Приходили «снимать побои» граждане еще одной категории – вернее, их приводили специальные люди. Я имею в виду задержанных и арестованных. При задержании человека, подозреваемого в каком-то преступлении, полагается провести его освидетельствование на предмет наличия или отсутствия повреждений. Делается это для того, чтобы выявить какие-либо повреждения, полученные в драке, за которую его и задержали, а также для того, чтобы задержанный не мог впоследствии отказаться от своих показаний, заявив, что они из него выбиты сотрудниками правоохранительных органов. Для этого задержанного под конвоем доставляют в кабинет эксперта, где и производится освидетельствование. У таких людей нередко выявлялись поверхностные повреждения – ввиду того, что задержания далеко не всегда проходят нежно и аккуратно. Каких-то более или менее тяжелых повреждений, переломов и т. п. в моей практике почти никогда не наблюдалось.
По сути своей «снятие побоев» есть освидетельствование на предмет выявления и фиксации повреждений, но сама эта формулировка красива и глубокомысленна.
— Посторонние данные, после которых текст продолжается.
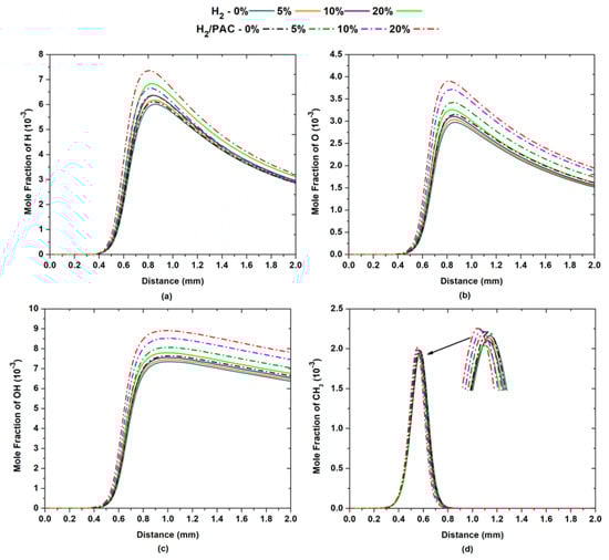 Mole fraction profiles of (a) H, (b) O, (c) OH, and (d) CH3 with different blends of hydrogen without or with NSPD.
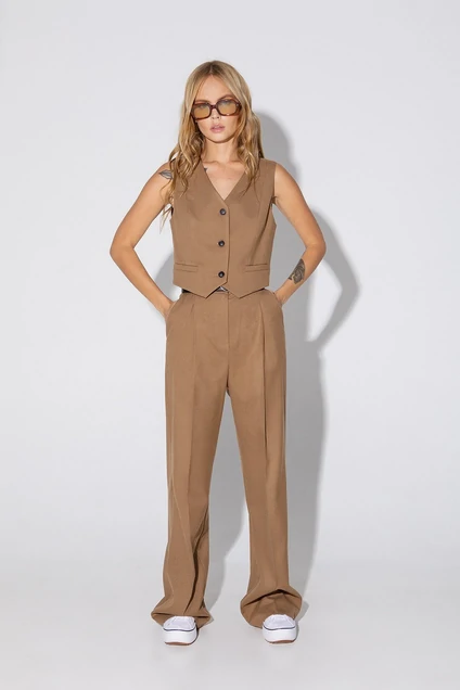 Текстильный костюм-двойка из укороченного жилета и прямых брюк-палаццо со стрелками. Детали: жилет прямого силуэта с фигурным низом, талиевые вытачки, застежка на петли и пуговицы, функциональные карманы, на подкладке. Брюки с высокой посадкой на притачном поясе со шлевками, застежка на молнию и пуговицу, боковые карманы, передние половины с заутюженными стрелками и двумя небольшими складками.
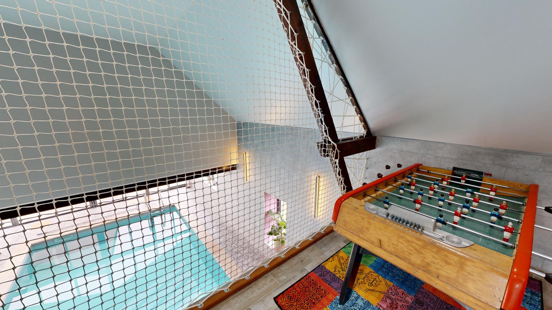 Le point fort du gîte est sans conteste sa piscine intérieure privée chauffée, accessible directement depuis la maison. Plongez dans l’eau, quelle que soit la météo, ou reposez-vous confortablement avec une vue sur le jardin verdoyant à travers les grandes baies vitrées.
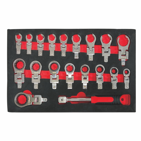 9pcs flexible ratchet heads: 8, 10, 12, 13, 14, 16, 17, 18, 19, 22mm
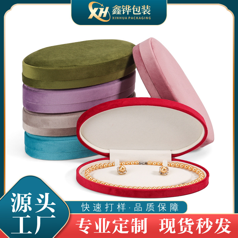 Oval Jewelry Pearl Necklace Box Lisi Velvet Bead Chain Box Jewelry Pearl Packaging Box Earring Box Jewelry Box
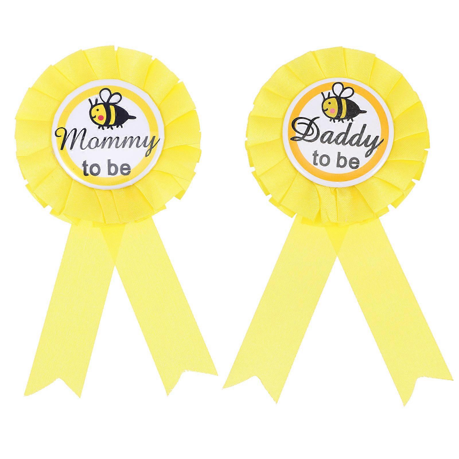Baby Shower Photo Props Parents Badge Pin Gender Reveal Party Baby Birth Celebration Yellow Paper 2Pcs
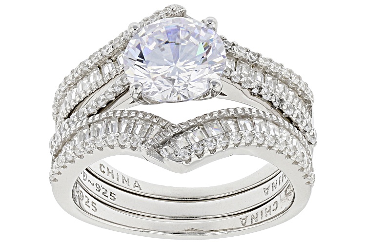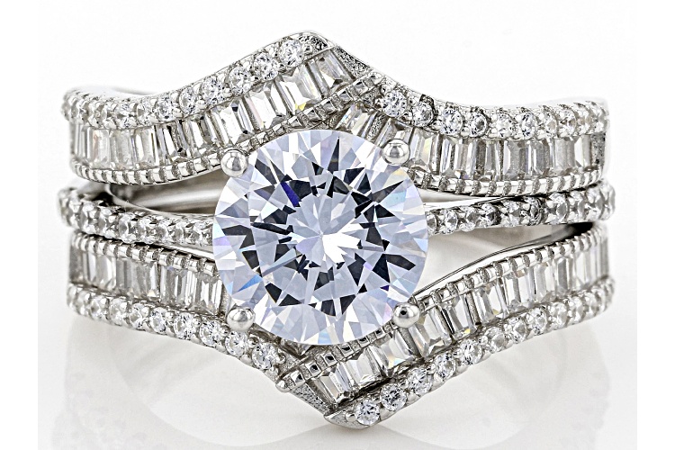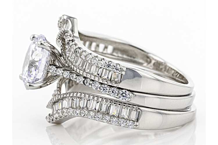 • Bella Luce ® 4.90ctw White Diamond Simulant Rhodium Over Sterling Silver Ring With Bands - Size 8

Я буду употреблять ее далее, в следующих главах, имея в виду ее истинный – официальный и профессиональный – смысл.
Часть вторая,Амбулаторная
«Ох уж эти сказки! Ох уж эти сказочники!..»
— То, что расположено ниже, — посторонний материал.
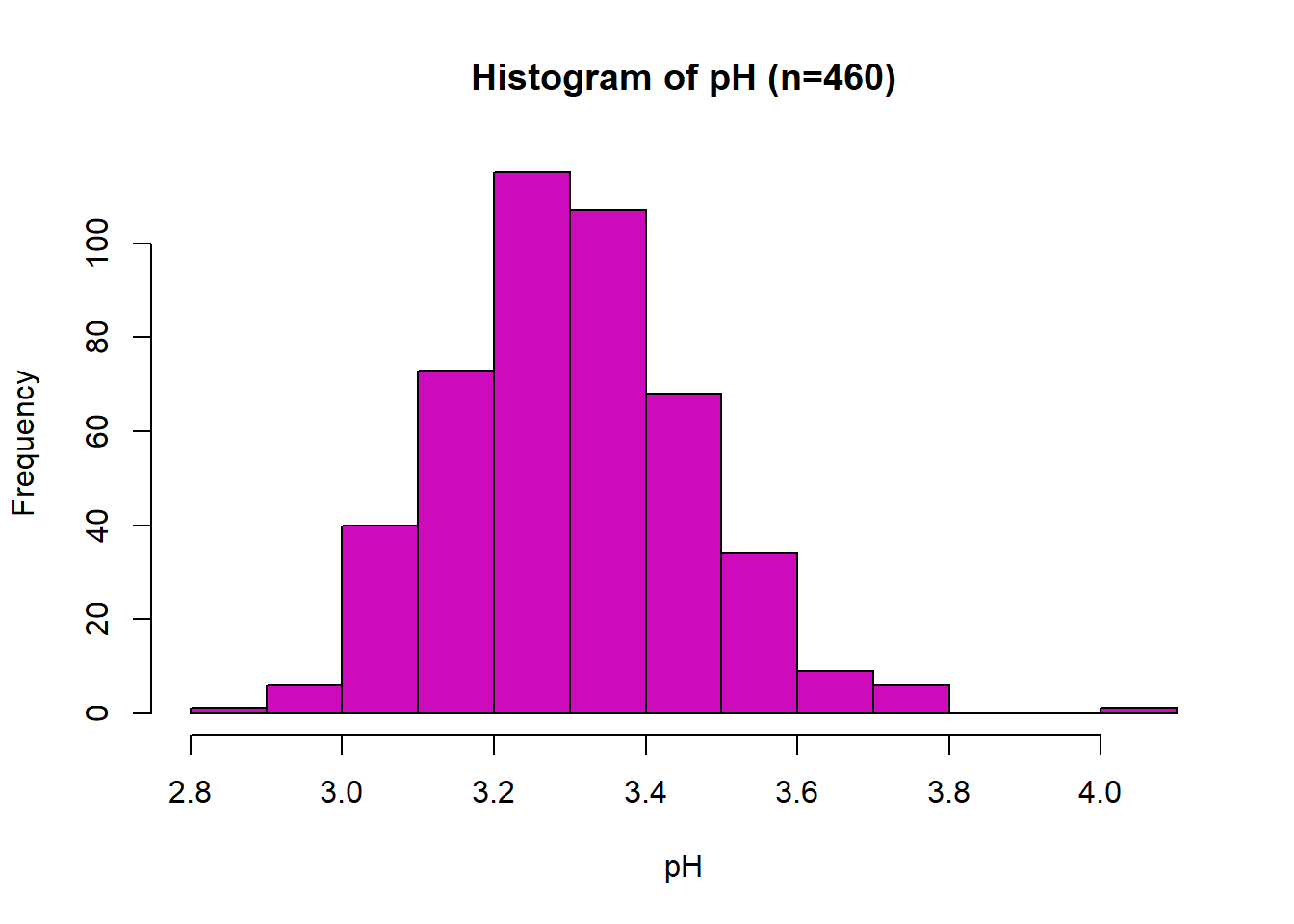 The distribution of pH is unimodal with minimal skew and a potential outlier at 4.01 and has a normal distribution shape. The distribution range is from 2.89 to 4.01, with a median value of 3.30 and a mean of 3.31.
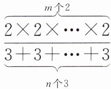 2. $ \dfrac{\underbrace{2 × 2 × \cdots × 2}_{m 个 2}}{\underbrace{3 + 3 + \cdots + 3}_{n 个 3}} $ 的正确结果为 (
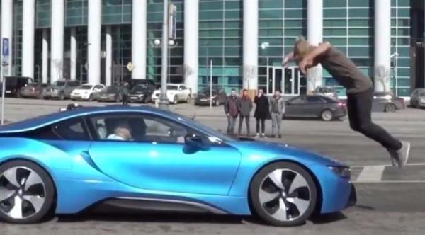 وما هي إلا لحظات، وعلى بعد أمتار قليلة من السيارة، حتى قفز أوليج وأدى حركة شقلبة بهلوانية في الهواء من فوق السيارة، قبل أن يتخطاها وينزل على قدميه بثبات مدهش، بحسب ما أوردت صحيفة ميرور البريطانية.

После того как желающий «снять побои» добрался-таки до эксперта, начинается первый этап освидетельствования – опрос, перед которым обязательно нужно установить личность освидетельствуемого путем проверки паспорта или иного документа с фотографией. Такая предосторожность обусловлена тем, что на освидетельствование могут прийти подставные лица.
Практически в любой сфере услуг присутствует беседа. Придя в автосервис с какой-то автомобильной проблемой, вы отвечаете на вопросы механика, который знает, что спрашивать; в парикмахерской вы объясняете мастеру, какую стрижку хотите; в такси рассказываете водителю, куда свернуть для того, чтобы проехать более коротким путем… Обмен информацией в форме беседы позволяет достичь своих целей обеим сторонам: в нашем случае пострадавший желает изложить свою точку зрения на события в выгодном для себя свете (так происходит подсознательно, а отнюдь не всегда из-за корыстных побуждений или злого умысла), а эксперту важно зафиксировать обстоятельства получения повреждений, пока они – обстоятельства – еще свежи в памяти, а впечатления не испорчены чужими советами или собственными рассуждениями пострадавшего.
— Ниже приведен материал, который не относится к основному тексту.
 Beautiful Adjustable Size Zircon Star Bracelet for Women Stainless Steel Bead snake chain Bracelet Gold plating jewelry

Если пострадавший пришел на прием по направительному документу – постановлению или направлению, то фабула случившегося иногда понятна врачу и без опроса. Сразу уточню: так же как и в направлении на вскрытие, в направлении на освидетельствование фактические обстоятельства причинения повреждений могут отсутствовать, так как сотрудник правоохранительных органов ввиду своей лени, веры в экспертную способность a priori знать то, что случилось, нехватки времени или просто небрежного отношения к заполнению документов не всегда считает нужным их изложить. Согласитесь, что из фразы «…направляется гражданин такой-то для освидетельствования» мало что можно узнать об обстоятельствах произошедшего.